Вопрос о свободе всегда волновал русского человека. «В русском народе, – писал Николай Бердяев, – поистине есть свобода духа, которая даётся лишь тому, кто не слишком поглощен жаждой земной прибыли и земного благоустройства» 

Картина

Картина

Крепостничество – совершенно особая проблема для России. «Его происхождение и развитие представляют собою явление столь исключительное и ни на что не похожее, что в него трудно поверить», – замечал западник Александр Герцен. Славянофилы и западники, не сходящиеся по многим вопросам, были едины в необходимости эмансипации крестьян. Вот что писал родоначальник славянофильства Хомяков в осуждение крепостного права: «В России крепостное право есть не что иное, как грубая полицейская мера, выдуманная нуждою государственной, но не уничтожившая братства человеческого, а в германском поморье (в Курляндии, Лифляндии – Д.П.) оно было коренным злом, связанным с завоеванием и насилием племенным. В России оно плод невежества, а там – преступления». А ранее и сам император Николай I признавал крепостное право «злом, для всех ощутительным». 

Картина "Чтение манифеста". Б. М. Кустодиев / издание "Русская история в картинах"

В крепостном праве многие образованные люди того времени видели политическую отсталость, развращение общественной нравственности и негативное влияние на народное хозяйство. После Манифеста о трёхдневной барщине и Указа о вольных хлебопашцах, подписанных Павлом I и Александром I в 1797-м и 1803 годах, крестьянам всё ещё было запрещено уходить со своих земельных наделов.

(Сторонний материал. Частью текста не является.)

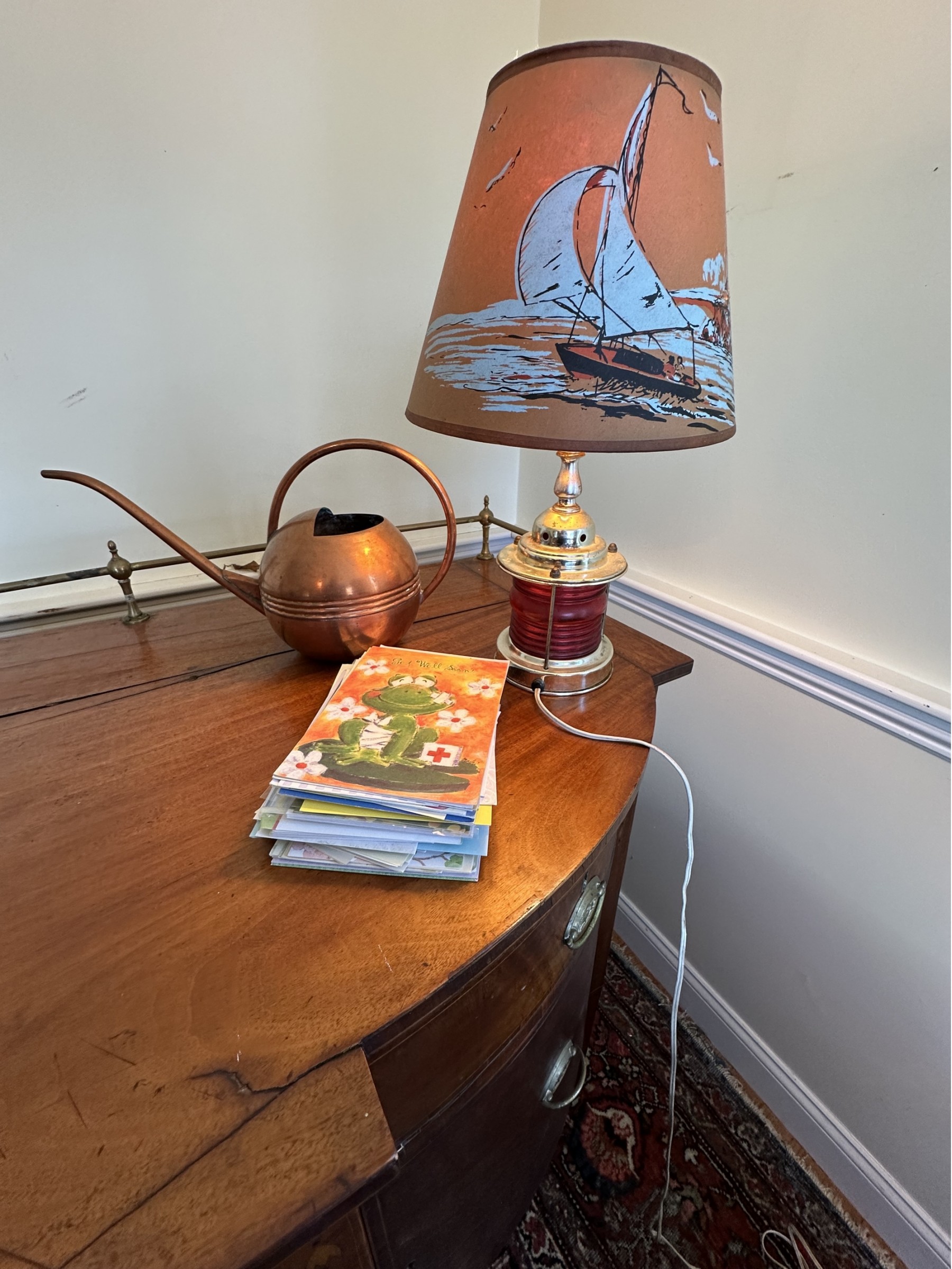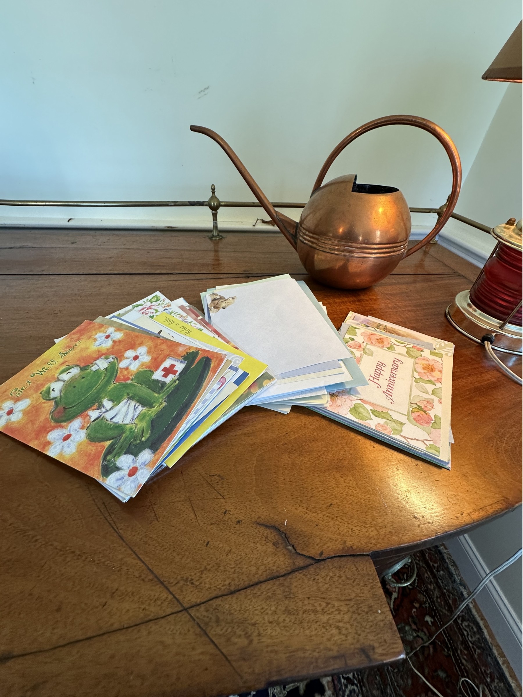 Lamp, Watering Can, Cards
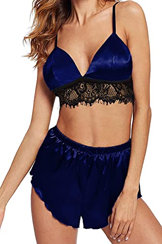 FG - طقم لانجرى بلون ازرق داكن- مقاس موحد -نساء
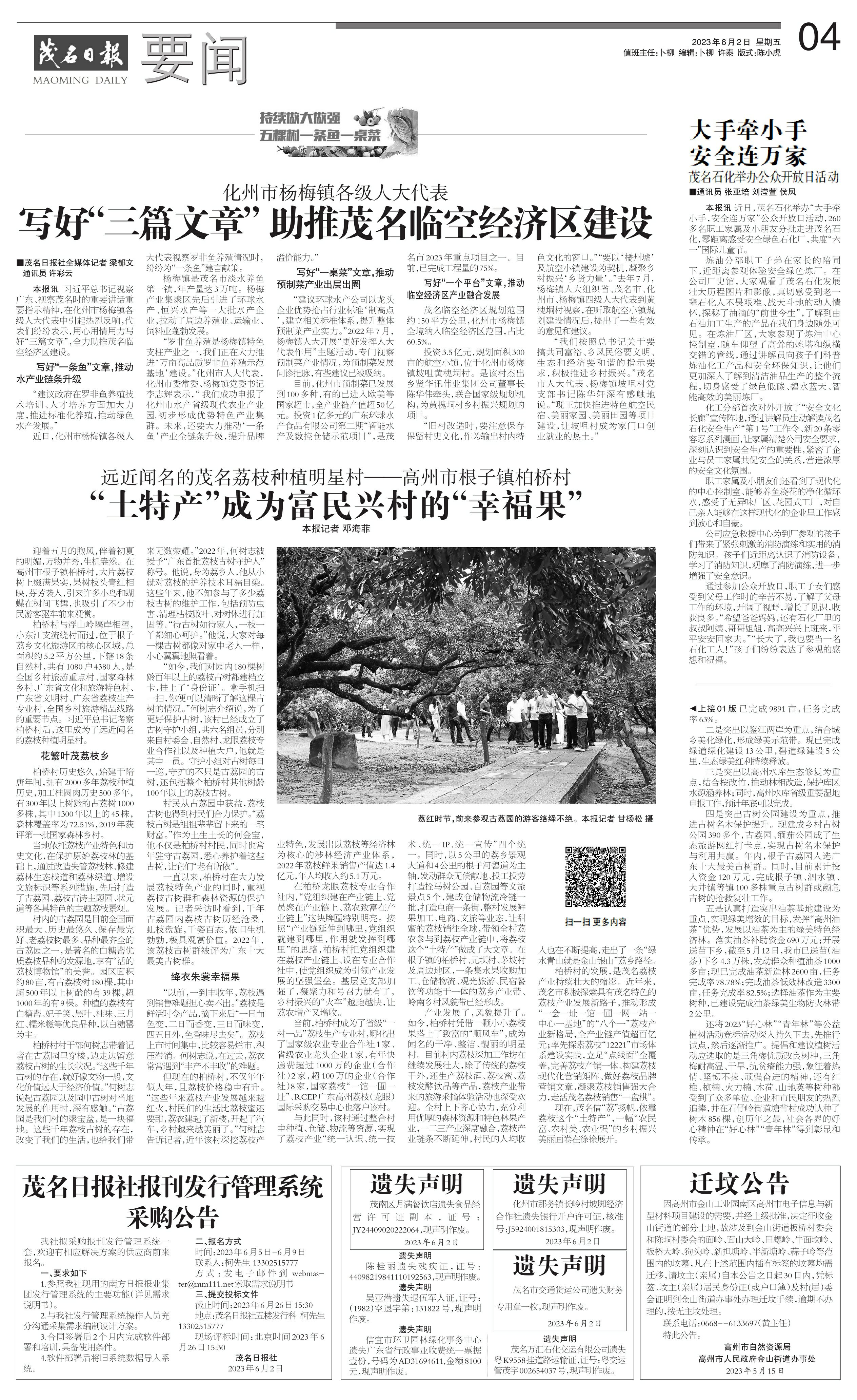 本报讯 习近平总书记视察广东、视察茂名时的重要讲话重要指示精神,在化州市杨梅镇各级人大代表中引起热烈反响,代表们纷纷表示,用心用情用力写好“三篇文章”,全力助推茂名临空经济区建设。
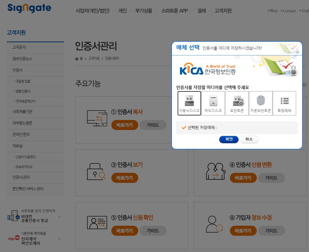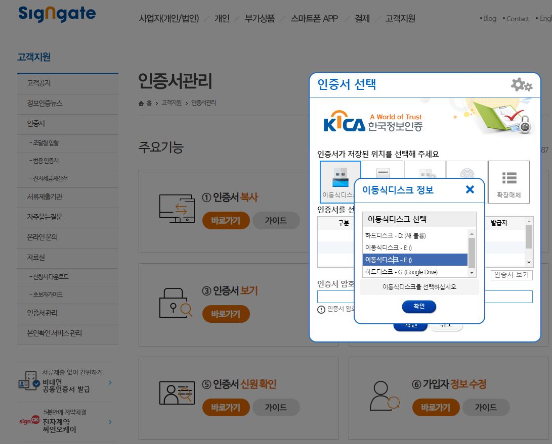 2. 한국정보인증 사이트 활용 (원하는 인증서만 옮기기)
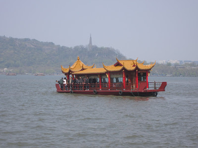 From the station we took the K7 bus to West Lake. The bus costs 1RMB and takes about 15-20 minutes to get to the lake. The lake is much bigger than it seemed and I'd read it would take 5 hours to slowly walk around it. There are some ferry boats that take people to the smaller islands in the middle of the lake which cost 45RMB for the day.
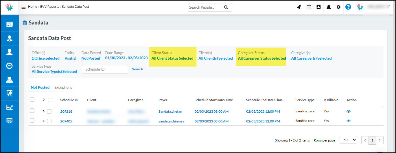 Client & Caregiver Status filters have been added in Sandata data post report for better usability.
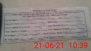 | School Visited by School Health & Nutrition Supervisor (No. of Visits) | Name1: | ZAKIR HUSSAIN | Name2: | Nil | |
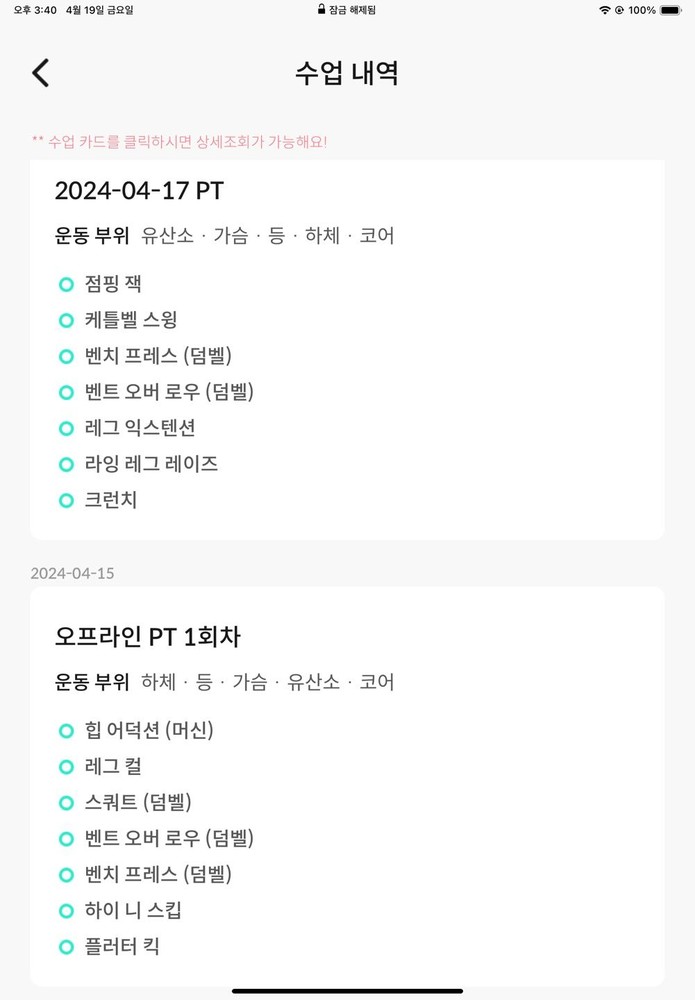 센티프짐에서 자체 개발한 어플을 통해서 체계적으로 관리를 해주시며 수업들은 내용을 복습하기도 너무 좋습니다!
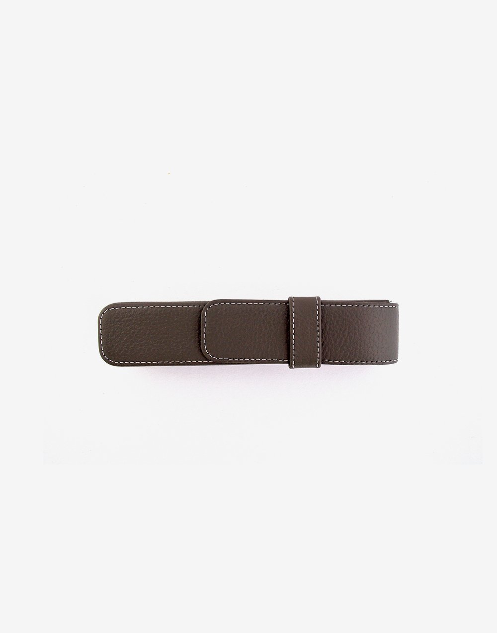 Estuche rígido y compacto para transportar un bolígrafo en portafolio o bolsa.
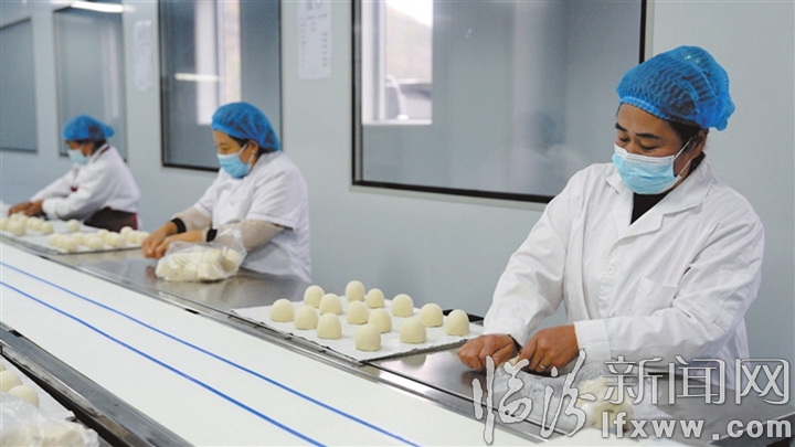 李子坪村則把傳統年饃做成了富民產業(yè)。該村借鑒先進地區(qū)經驗,通過縣級配套、村級自籌,投資150余萬元建起藺鄉(xiāng)年饃加工廠,購置了全自動生產線,配套建設了面粉倉庫、食品化驗室、冷庫等基礎設施。李子坪村黨支部書記、村委會主任王曉斌介紹:“我們的年饃采用傳統工藝制作,口感松軟、香味濃郁,年產量能達到5000箱,吸納了村內剩余勞動力30余名?!?/p>
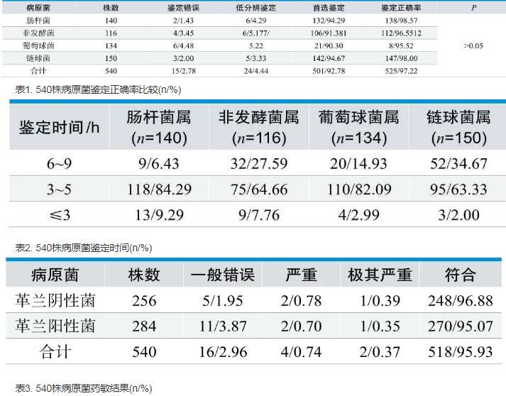 对比分析鉴定结果正确率及所需鉴定时间,分析药敏结果符合率。
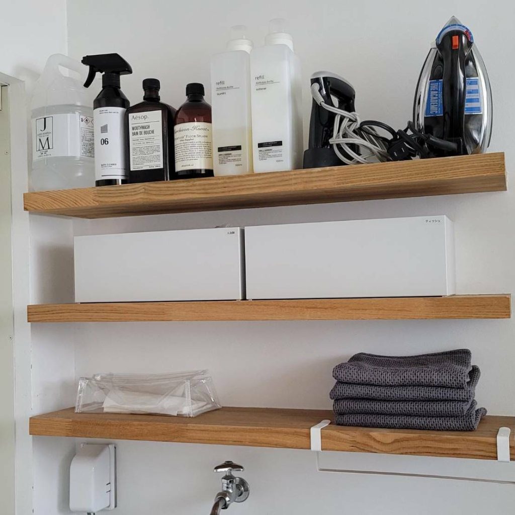水回りのアイテムは、掃除の手間やぬめり、カビ防止のため、浮かせる収納を活用するのがおすすめ。100均などでも浮かせる収納のアイテムがたくさん出ているので、是非チェックしてみて。

Они находились в наследственном подчинении и были ограничены в праве приобретать недвижимость.

Указом о вольных хлебопашцах помещики пользоваться не спешили: многие не были готовы так легко расстаться со своей собственностью. Средств защиты против произвола помещика, именуемого отцом крестьян, почти не было. Согласно «Своду законов о состоянии людей в государстве», изданному в 1833 году, помещики имели право наказывать своих дворовых людей и крестьян, распоряжаться их личной жизнью, дозволять или запрещать браки. Помещик и крестьянин взаимно развращали друг друга: первый упивался безграничной властью, другой учился притворяться, лгать и льстить. Что касается народного хозяйства – то хуже всего работает невольник, побуждаемый к труду страхом. Проблема достигла колоссальных масштабов. Вот какую мысль высказывал Юрий Самарин за год до воцарения Александра II: «Во главе современных, домашних вопросов, которыми мы должны заняться, стоит, как угроза для будущего и как препятствие в настоящем для всякого существенного улучшения в чём бы то ни было, – вопрос о крепостном состоянии. С какого бы конца ни началось наше внутреннее обновление, мы встретимся с ним неизбежно».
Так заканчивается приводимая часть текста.